Everything from the line that contains "Sequences, mirrors, zardosiembroidery, dabka" through the last line below should be transcribed exactly, except the pictures.

*INFORMATION SHOWN:*
━━━━━━━━━━━━━━━━

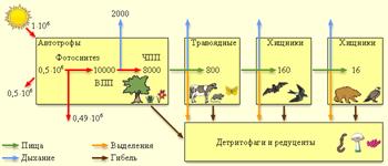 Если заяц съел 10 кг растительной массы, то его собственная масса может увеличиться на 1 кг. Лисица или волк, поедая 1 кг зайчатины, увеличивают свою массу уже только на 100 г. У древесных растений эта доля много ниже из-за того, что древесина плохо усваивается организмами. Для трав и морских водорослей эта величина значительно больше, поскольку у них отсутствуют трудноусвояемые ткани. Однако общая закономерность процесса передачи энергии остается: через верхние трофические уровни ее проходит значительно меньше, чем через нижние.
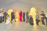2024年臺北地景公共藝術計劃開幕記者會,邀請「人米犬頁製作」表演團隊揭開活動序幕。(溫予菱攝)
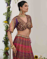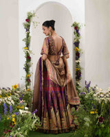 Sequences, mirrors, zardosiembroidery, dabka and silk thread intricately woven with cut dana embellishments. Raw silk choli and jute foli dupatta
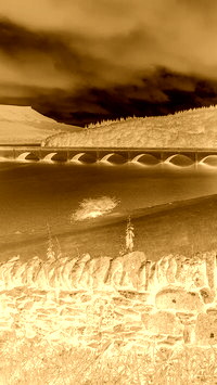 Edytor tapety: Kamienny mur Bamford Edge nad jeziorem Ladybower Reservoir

━━━━━━━━━━━━━━━━

*SOLUTION:*
 Sequences, mirrors, zardosiembroidery, dabka and silk thread intricately woven with cut dana embellishments. Raw silk choli and jute foli dupatta
 Edytor tapety: Kamienny mur Bamford Edge nad jeziorem Ladybower Reservoir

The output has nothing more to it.